A Copula-GP (Gaussian Process) package

Project description

Parametric Copula-GP framework

This is the GPyTorch-based package that infers copula parameters using a latent Gaussian Process model. The package contains 4 copula families (Gaussian, Frank, Clayton, Gumbel) + linear combinations of copulas from same or different families. The models are constructed with the greedy or heuristic algorithm and the best model is selected based on WAIC. Both greedy and heuristic algorithms perform well on synthetic data (see tests/integration). The bivariate models can be then organised into a C-Vine. A number of methods for computing information measures (e.g. vine.entropy, vine.inputMI) are implemented.

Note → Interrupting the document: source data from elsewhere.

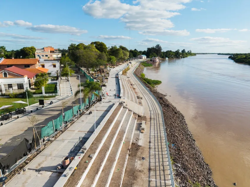 La flamante costanera se extiende a lo largo de casi 500 metros sobre la ribera del río Paraná, con un diseño moderno desarrollado en dos niveles. En la parte superior se ubica un paseo panorámico ideal para caminatas y actividades recreativas, mientras que el nivel inferior permite una conexión directa con el paisaje ribereño.
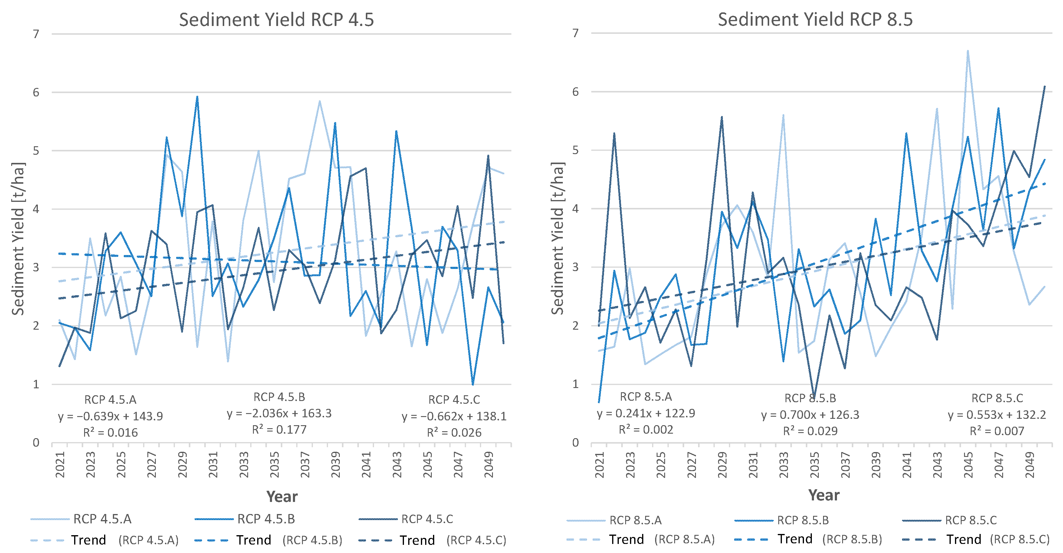 - This intensification is followed by a stabilization phase in the final decade (2041–2050). The average annual SYLD values across the RCM ensemble in 2041–2050 (ranging from 2.79 to 3.16 t ha−1 yr−1) generally return to levels comparable to or slightly above those of the initial decade (2021–2030). For instance, realization A stabilizes to 2.96 t ha−1 yr−1 by the final decade, a +62% increase over the baseline.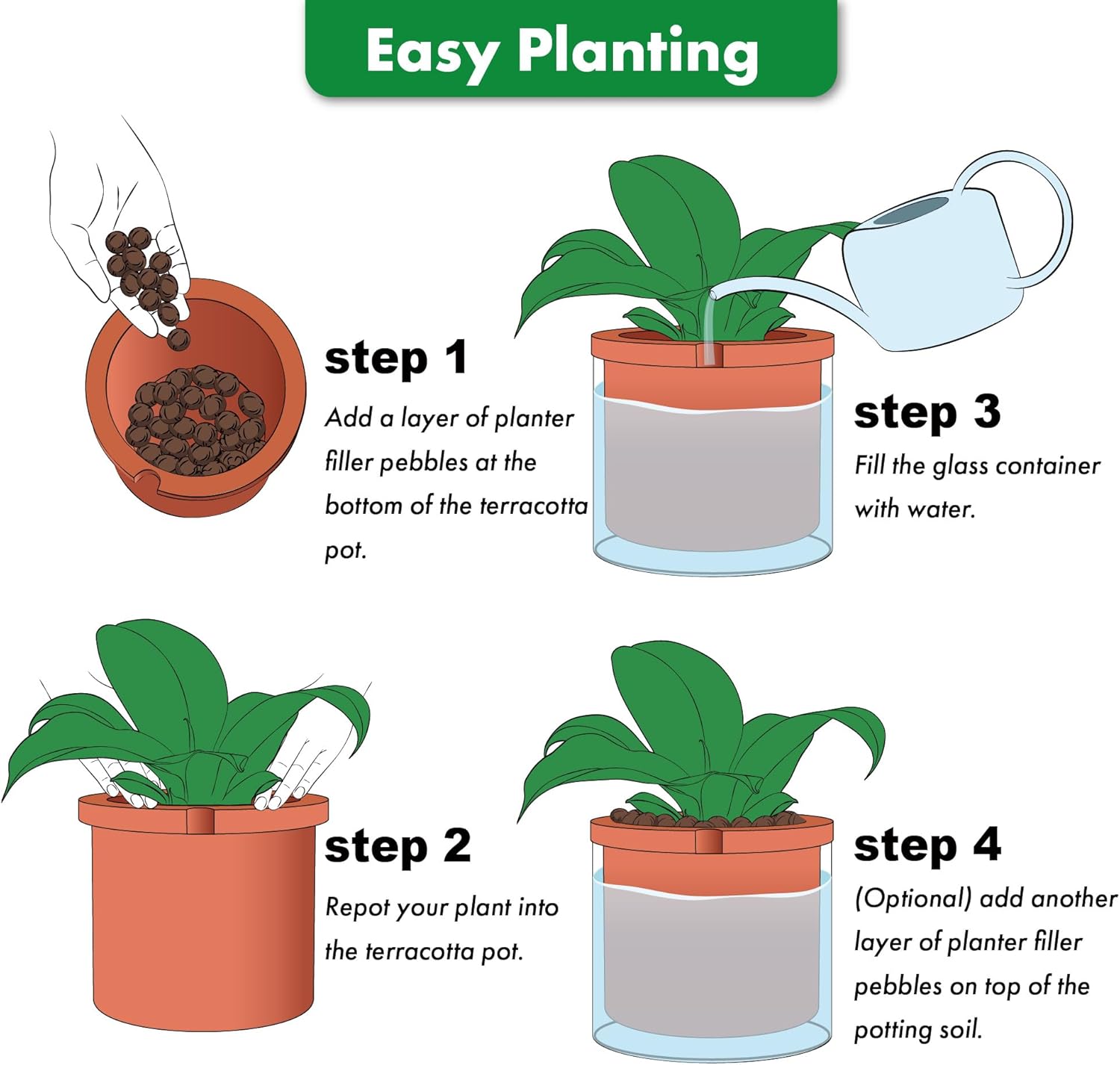 - Self-watering System: The bottom section of the white terracotta pot is unglazed, just fill the glass container with water to ensure plants will absorb only what they need through the terracotta pot walls.

For a complete description of our method, see our paper (link below).

Installing the package from PyPI

pip install copulagp

Installing the package from Github repo

In a virtual environment (e.g. virtualenv), install all the dependencies and the package using the following commands:

pip install -r requirements.txt
pip install .

Getting started

Let us start with importing pytorch and loading some data (e.g. the synthetic neuronal data generated with a GLM model, Fig3 in our pre-print):

import torch
import pickle as pkl
with open("./notebooks/started/GLM_generated_data.pkl","rb") as f:
    data = pkl.load(f)

Next, we use fastKDE to transform the marginals:

import copulagp.marginal as mg
y = torch.zeros(data['Y'].shape)
for i in range(2):
    y[i] = torch.tensor(mg.fast_signal2uniform(data['Y'][i],data['X']))

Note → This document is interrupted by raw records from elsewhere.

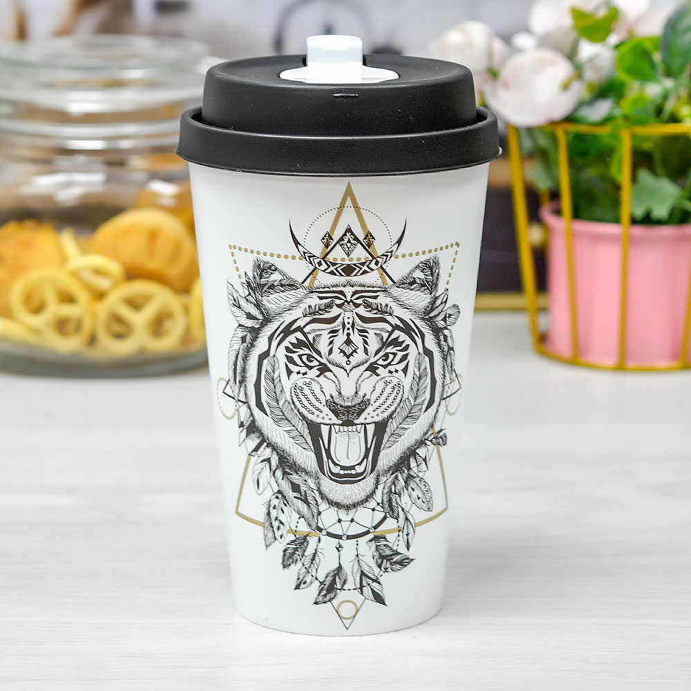 Стакан 550мл с крышкой, с клапаном "Графика", черный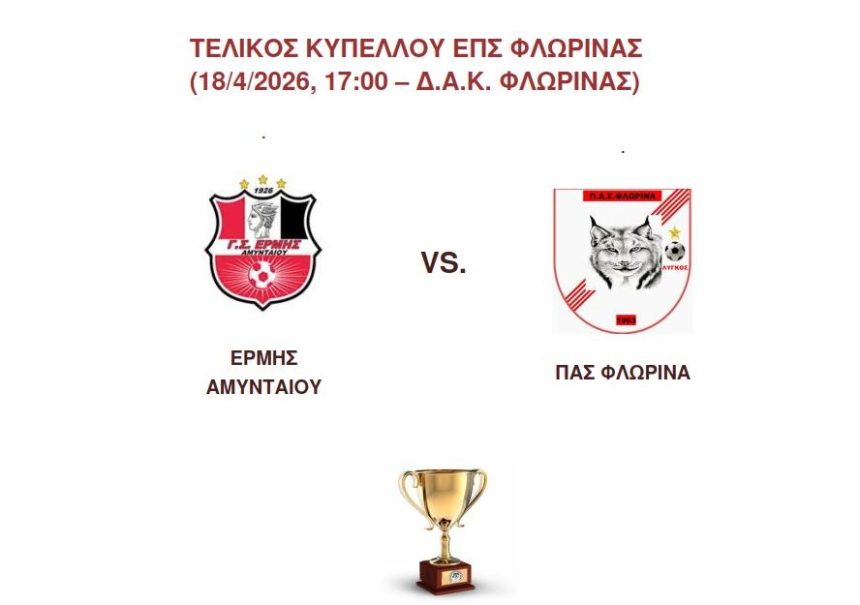 Το Σάββατο 18/4/2026 θα λάβει χώρα ο Τελικός Κυπέλλου ΕΠΣ Φλώρινας αγωνιστικής περιόδου 2025-2026 ανάμεσα στις ομάδες ΕΡΜΗΣ ΑΜΥΝΤΑΙΟΥ και ΠΑΣ ΦΛΩΡΙΝΑ στο Δ.Α.Κ. Φλώρινας. Ο αγώνας ξεκινάει στις 17:00.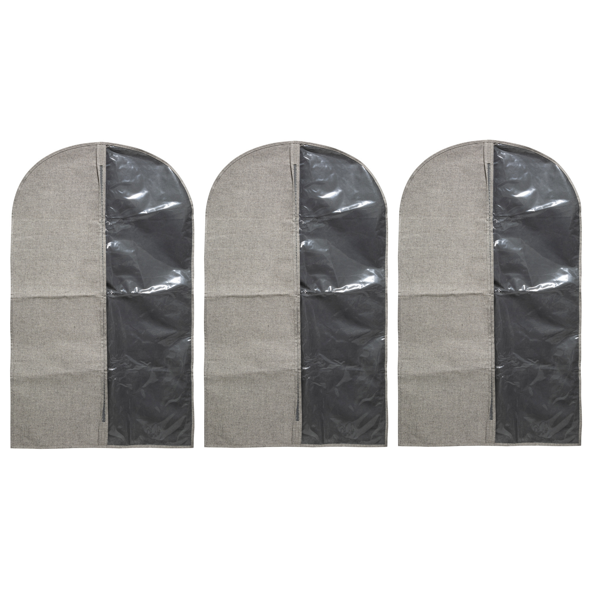 Set van 3x stuks kleding/beschermhoezen polyester/katoen grijs 100 cm. Kledinghoes om uw kleding netjes te houden of op een nette manier te vervoeren. Formaat hoes ca. 100 x 60 cm. Gewicht: 185 gram.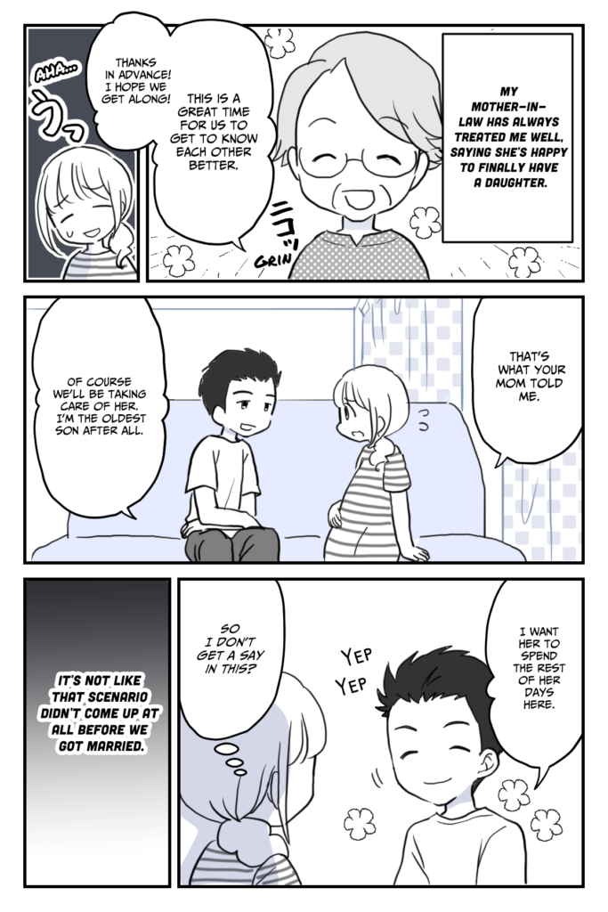 I (Yuka) am a full-time housewife in my second year of marriage. I am currently seven months pregnant and expecting my first child. My husband is older than me and is the eldest brother. I am an only child. A few years before he married me, he built a house on his mother-in-law’s land and lived there by himself. I now live in that house with my husband, and we have a “mother-in-law room” in our house.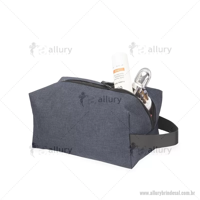 Nécessaire em nylon resistente à água, com fechamento em zíper e puxador funcional. Possui alça lateral em couro sintético, facilitando o transporte e tornando o uso mais prático no dia a dia ou em viagens. - - ALLALNC151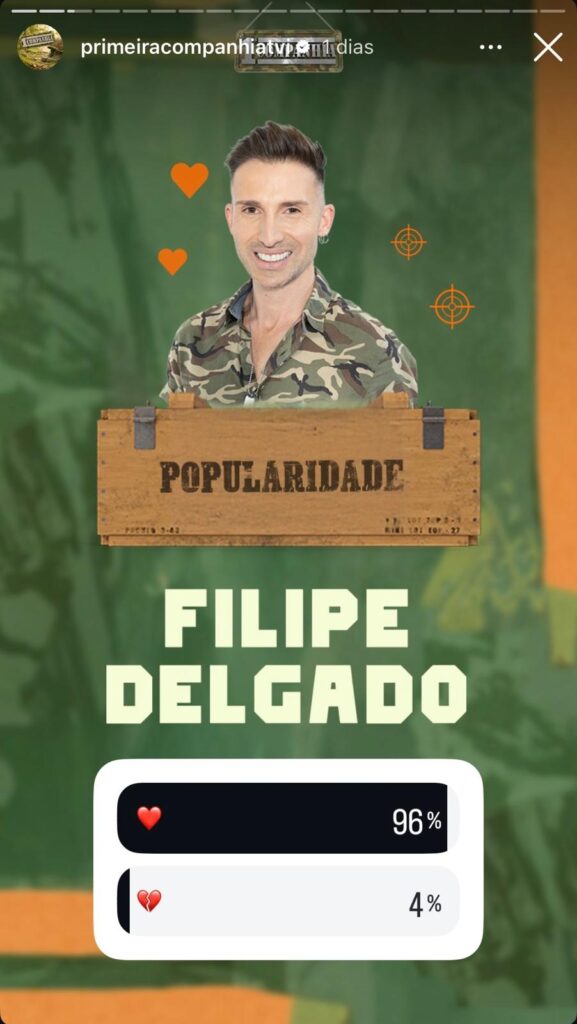 Filipe Delgado continua a manter-se como o favorito do público com 96% de gostos, deixando apenas 4% de rejeição. É o valor mais alto registado até agora, confirmando que o seu carisma e autenticidade o tornam, para já, imbatível na corrida pelo mais popular da semana. Por sua vez, Andrea Soares é até ao momento a concorrente menos gostaga com apenas 30% dos votos.

Next, let us try a Clayton copula model on this data (optionally: on a GPU; should take around 30 seconds)

import copulagp.bvcopula
device='cuda:0'
train_x = torch.tensor(data['X']).float().to(device=device)
train_y = y.T.float().to(device=device)

likelihoods = [bvcopula.ClaytonCopula_Likelihood(rotation='90°')]
(waic, model) = bvcopula.infer(likelihoods,train_x,train_y,device=device, prior_rbf_length=2.0)
print(f"WAIC: {waic}") # waic = -0.119

Let us plot the results, using a plot helper Plot_Fit for this:

from copulagp.utils import Plot_Fit
Plot_Fit(model, data['X'], y.numpy().T,'Excitatory', 'Inhibitory', device);

Clayton copula fit

We can then sample from the GP model and calculate the conditional entropy of the copula model. This copula entropy is equivalent to the mutual information between two variables. Using sampling from a GP, we obtain confidence intervals for this mutual information:

import matplotlib.pyplot as plt
test_x = torch.linspace(0,1,200).float().to(device=device)
entropies = torch.zeros(10,200)
for i in range(10): 
    f = model.gp_model(test_x).rsample(torch.Size([1])) # sample from a GP
    copula = model.likelihood.get_copula(f.squeeze()) # initialize a copula, parameterized by that GP sample
    entropies[i] = copula.entropy(sem_tol=0.01, mc_size=1000).cpu() # calculate entropy
entropies = entropies.numpy()

plt.plot(test_x.cpu().numpy(),entropies.mean(0))
plt.fill_between(test_x.cpu().numpy(),entropies.mean(0)-entropies.std(0),entropies.mean(0)+entropies.std(0),alpha=0.2)

Clayton copula entropy

Note, that Clayton copula is not the best fitting model for this example. We can find the best one by using one of the model selection algorithms (e.g. heuristic):

import copulagp.select_copula
(store, waic) = select_copula.select_with_heuristics(data['X'],y.numpy().T,device,'cond',\
                                            './','Excitatory','Inhibitory',train_x=train_x,train_y=train_y)
print(f"Best model: {store.name_string}, WAIC: {waic}") # best_waic = -0.139

The best copula found by the heuristic algorithm is a mixture of Frank and Clayton. We can visualize this model and calculate it's entropy using the same code as for the Clayton copula (see the results in notebooks/Getting_started.ipynb).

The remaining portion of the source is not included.